Work to complete | Output the data in full. Keep every word exact and exclude the pictures.

────────────────────────────────────────

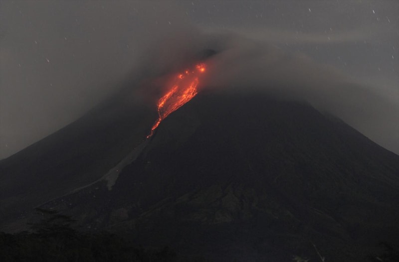 Endonezya'nın Cava Adası'ndaki Merapi Yanardağı'nda azık gözle görülebilen bir volkanik hareketlilik kaydedildi.
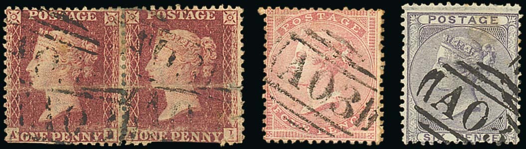 1858-60 G.B. 1d. horizontal pair (horizontal crease and defects) with four large part legible "A03" (Georgetown, Demerara) strikes, 4d. rose (surface fault and a little soiled) and 6d. lilac both with fine large part or near complete strikes. S.G. Z1-3, £1,000. Photo
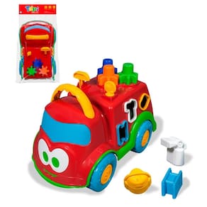 O Carrinho Dino Bombeiro da Cardoso possui encaixes com bordas coloridas que facilita a visualização do contorno do desenho e peças com temas de bombeiro para o bebê brincar de encaixar. Na parte de trás do produto tem uma porta que simula um “porta-malas” para o bebê brincar de retirar as pecinhas por lá. Em cima do caminhão tem engrenagens coloridas que giram de um lado ao outro, alavanca e chave que fazem barulho de crec crec.
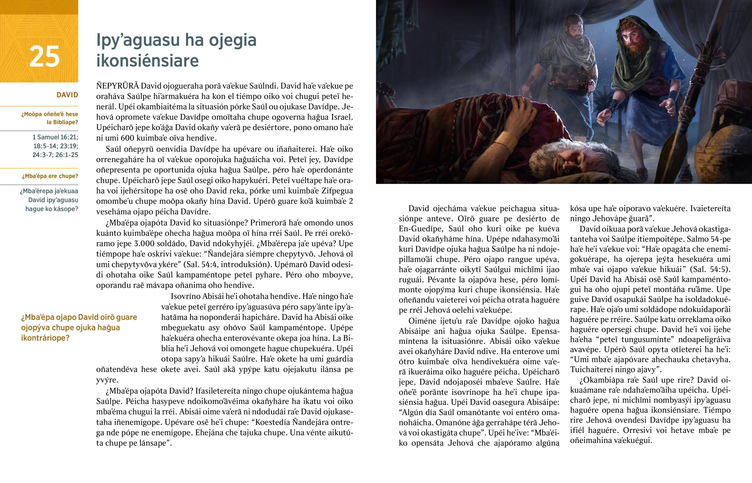 Oiméne ijetuʼu raʼe Davídpe ojoko hag̃ua Abisáipe ani hag̃ua ojuka Saúlpe. Epensamíntena la isituasiónre. Abisái oiko vaʼekue avei okañyháre David ndive. Ha enterove umi ótro kuimbaʼe oĩva hendivekuéra oime vaʼerã ikueráima oiko haguére péicha. Upéicharõ jepe, David ndojaposéi mbaʼeve Saúlre. Haʼe oñeʼẽ porãnte isovrínope ha heʼi chupe ipasiénsia hag̃ua. Upéi David oasegura Abisáipe: “Algún día Saúl omanótante voi entéro omanoháicha. Omanóne ág̃a gerrahápe térã Jehová voi okastigáta chupe”. Upéi heʼive: “Mbaʼéiko opensáta Jehová che ajapóramo algúna kósa upe haʼe oiporavo vaʼekuére. Ivaietereíta ningo Jehovápe g̃uarã”.
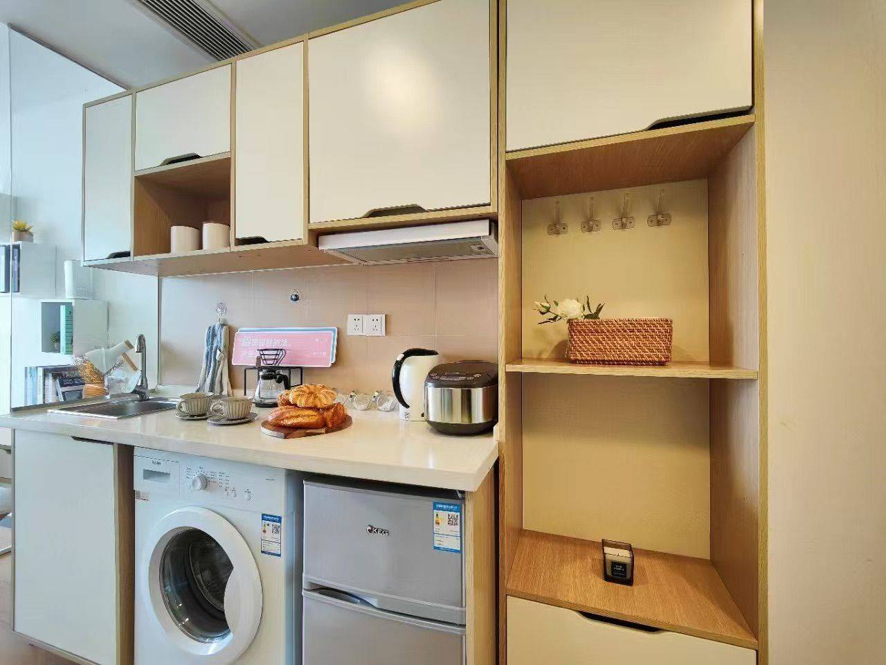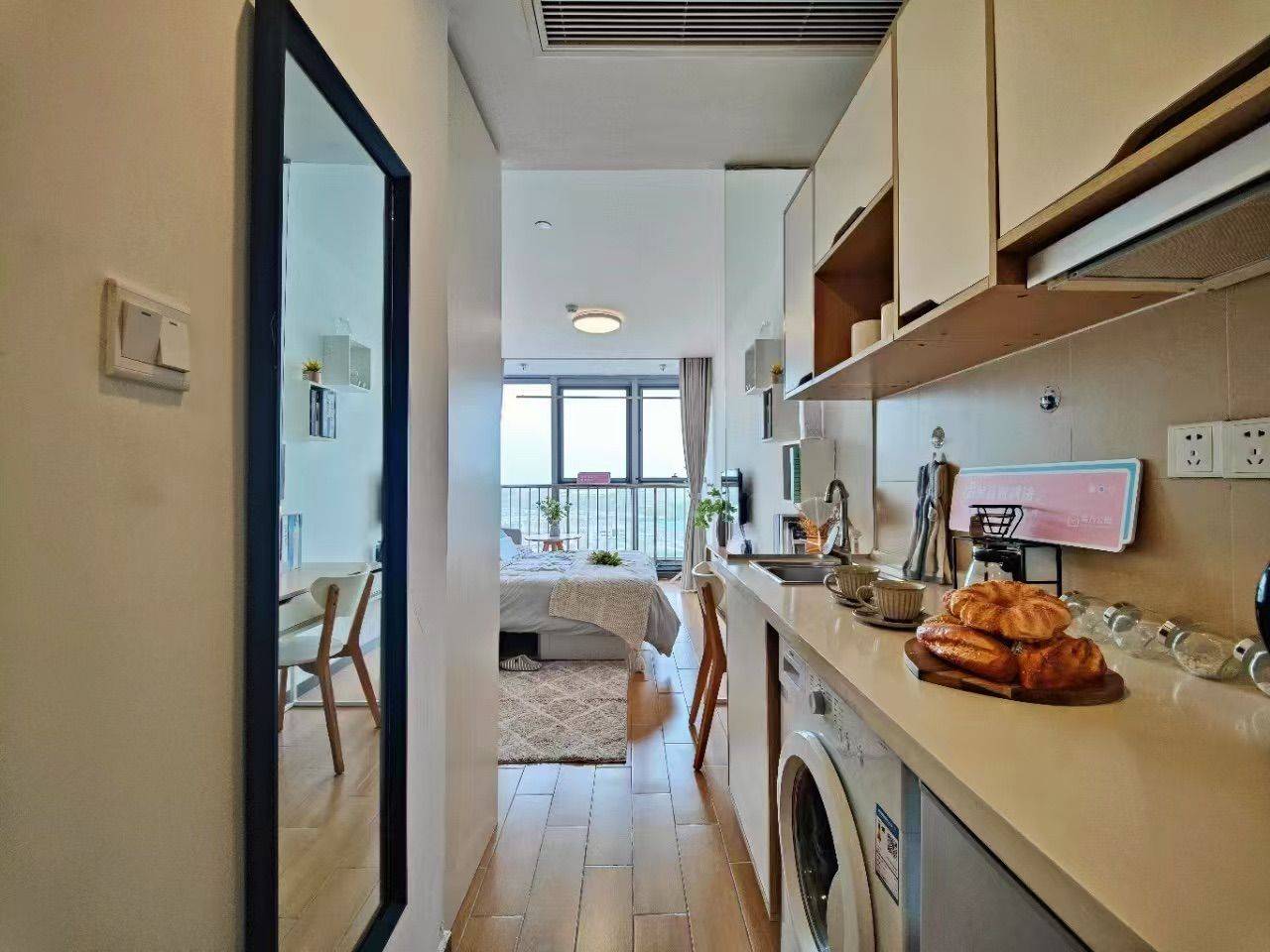 地铁一号线金沙湖地铁口附近 周边银泰百货,龙湖天街,金沙湖公园,万象城,高沙商业街等,吃喝玩乐特别齐全,位置很不错,下沙中心地带 房间30平左右,酒店式公寓,一两个人住完全没问题,家具家电齐全 目前是已经搬走了,随时入住,随时看房

────────────────────────────────────────

Answer to the problem |
 Endonezya'nın Cava Adası'ndaki Merapi Yanardağı'nda azık gözle görülebilen bir volkanik hareketlilik kaydedildi.
 1858-60 G.B. 1d. horizontal pair (horizontal crease and defects) with four large part legible "A03" (Georgetown, Demerara) strikes, 4d. rose (surface fault and a little soiled) and 6d. lilac both with fine large part or near complete strikes. S.G. Z1-3, £1,000. Photo
 O Carrinho Dino Bombeiro da Cardoso possui encaixes com bordas coloridas que facilita a visualização do contorno do desenho e peças com temas de bombeiro para o bebê brincar de encaixar. Na parte de trás do produto tem uma porta que simula um “porta-malas” para o bebê brincar de retirar as pecinhas por lá. Em cima do caminhão tem engrenagens coloridas que giram de um lado ao outro, alavanca e chave que fazem barulho de crec crec.
 Oiméne ijetuʼu raʼe Davídpe ojoko hag̃ua Abisáipe ani hag̃ua ojuka Saúlpe. Epensamíntena la isituasiónre. Abisái oiko vaʼekue avei okañyháre David ndive. Ha enterove umi ótro kuimbaʼe oĩva hendivekuéra oime vaʼerã ikueráima oiko haguére péicha. Upéicharõ jepe, David ndojaposéi mbaʼeve Saúlre. Haʼe oñeʼẽ porãnte isovrínope ha heʼi chupe ipasiénsia hag̃ua. Upéi David oasegura Abisáipe: “Algún día Saúl omanótante voi entéro omanoháicha. Omanóne ág̃a gerrahápe térã Jehová voi okastigáta chupe”. Upéi heʼive: “Mbaʼéiko opensáta Jehová che ajapóramo algúna kósa upe haʼe oiporavo vaʼekuére. Ivaietereíta ningo Jehovápe g̃uarã”.
 地铁一号线金沙湖地铁口附近 周边银泰百货,龙湖天街,金沙湖公园,万象城,高沙商业街等,吃喝玩乐特别齐全,位置很不错,下沙中心地带 房间30平左右,酒店式公寓,一两个人住完全没问题,家具家电齐全 目前是已经搬走了,随时入住,随时看房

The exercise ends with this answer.